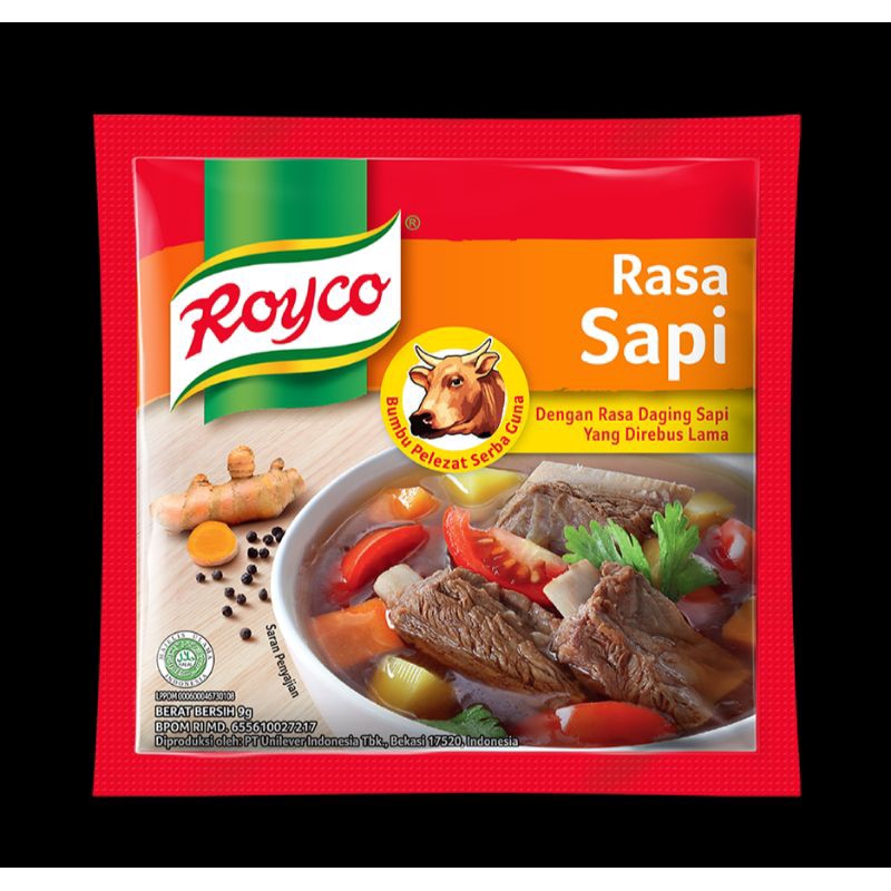 Royco Sapi merupakan bumbu pelezat serbaguna yang dibuat dengan ekstrak kaldu sapi. Terbuat dari daging sapi pilihan yang dicampur dengan beberapa tambahan bahan, seperti air, garam, telur, ikan, bawang, kedelai, dan kunyit.
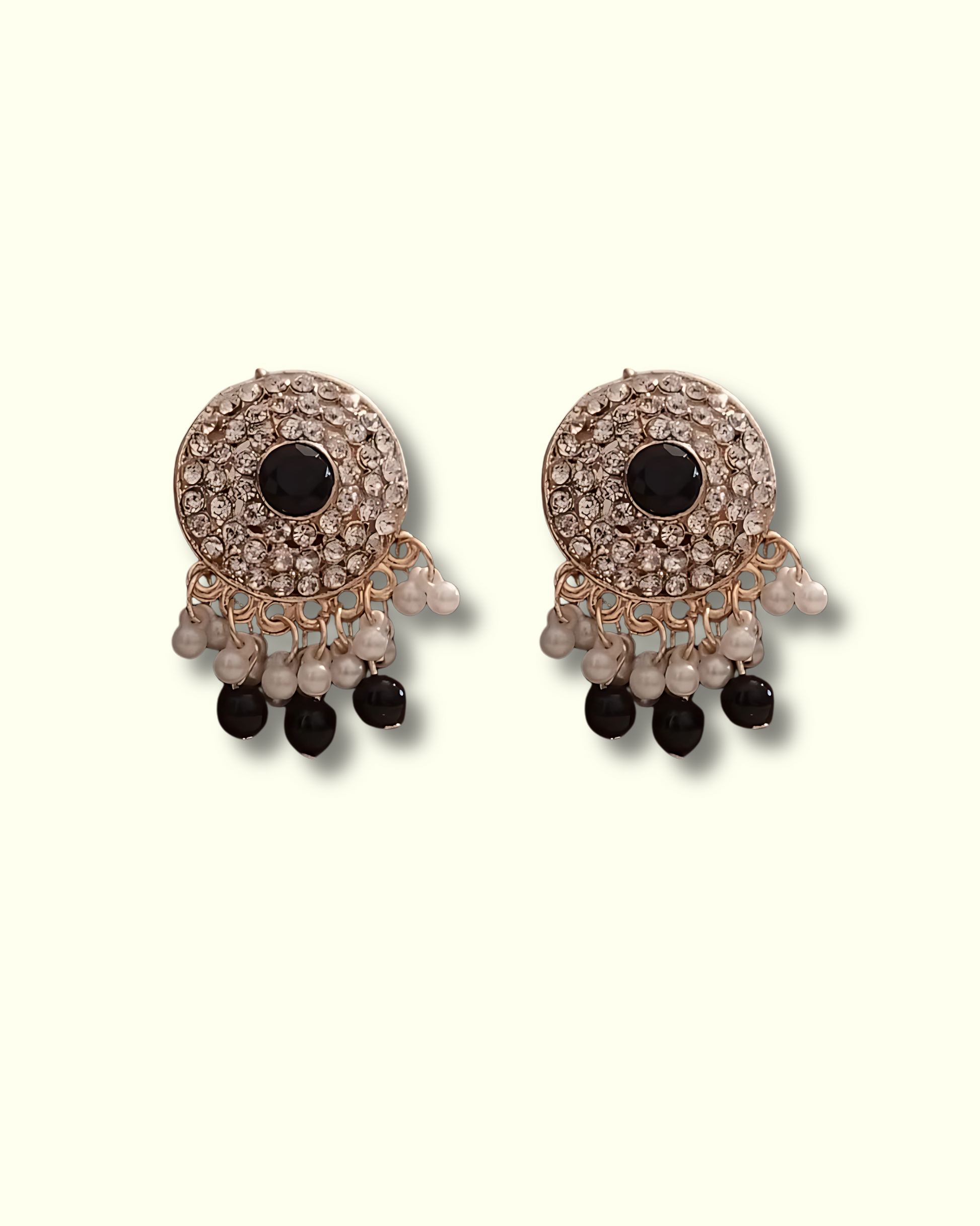 Crafted with premium quality materials, this jewelry set includes a statement necklace and matching earrings. Designed with black stones, sparkling crystals, and pearl drops on a gold-tone base. Perfect for weddings, festive events, and party wear.
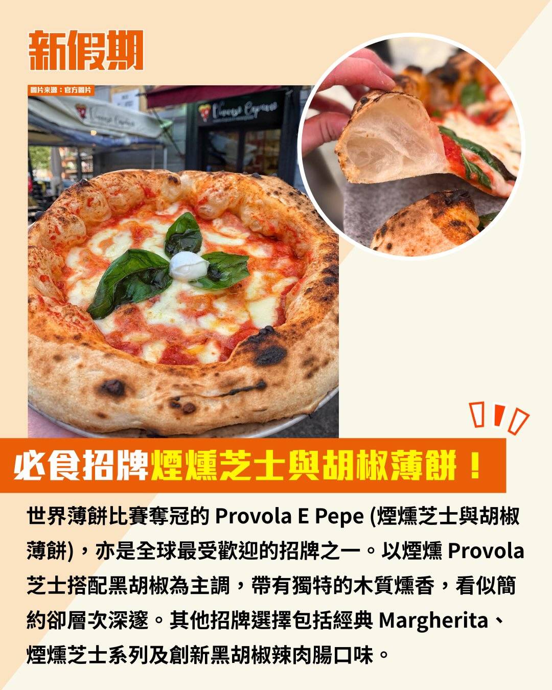 世界薄餅比賽奪冠的 Provola E Pepe (煙燻芝士與胡椒薄餅),亦是全球最受歡迎的招牌之一。以煙燻 Provola 芝士搭配黑胡椒為主調,帶有獨特的木質燻香,看似簡約卻層次深邃。其他招牌選擇包括經典 Margherita、煙燻芝士系列及創新黑胡椒辣肉腸口味。
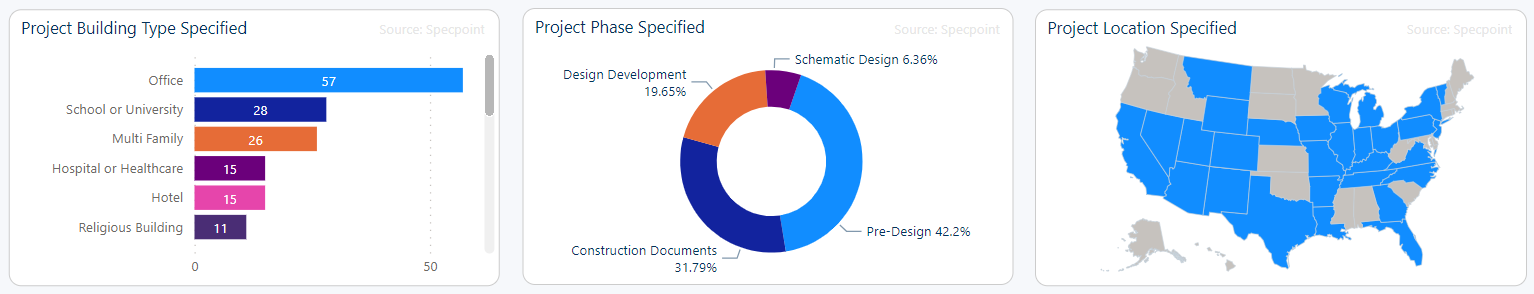These Specpoint data widgets show the number of times that your product listings are specified, based on specific criteria. The criteria used are intelligent project parameters within Specpoint for A/E firms, enabling you to focus on project development aspects relevant to product selection.
###
### DIRECTIONS:
Every line of the data above should be quoted exactly. Omit the pictures.

### REPLY:
 Royco Sapi merupakan bumbu pelezat serbaguna yang dibuat dengan ekstrak kaldu sapi. Terbuat dari daging sapi pilihan yang dicampur dengan beberapa tambahan bahan, seperti air, garam, telur, ikan, bawang, kedelai, dan kunyit.
 Crafted with premium quality materials, this jewelry set includes a statement necklace and matching earrings. Designed with black stones, sparkling crystals, and pearl drops on a gold-tone base. Perfect for weddings, festive events, and party wear.
 世界薄餅比賽奪冠的 Provola E Pepe (煙燻芝士與胡椒薄餅),亦是全球最受歡迎的招牌之一。以煙燻 Provola 芝士搭配黑胡椒為主調,帶有獨特的木質燻香,看似簡約卻層次深邃。其他招牌選擇包括經典 Margherita、煙燻芝士系列及創新黑胡椒辣肉腸口味。
These Specpoint data widgets show the number of times that your product listings are specified, based on specific criteria. The criteria used are intelligent project parameters within Specpoint for A/E firms, enabling you to focus on project development aspects relevant to product selection.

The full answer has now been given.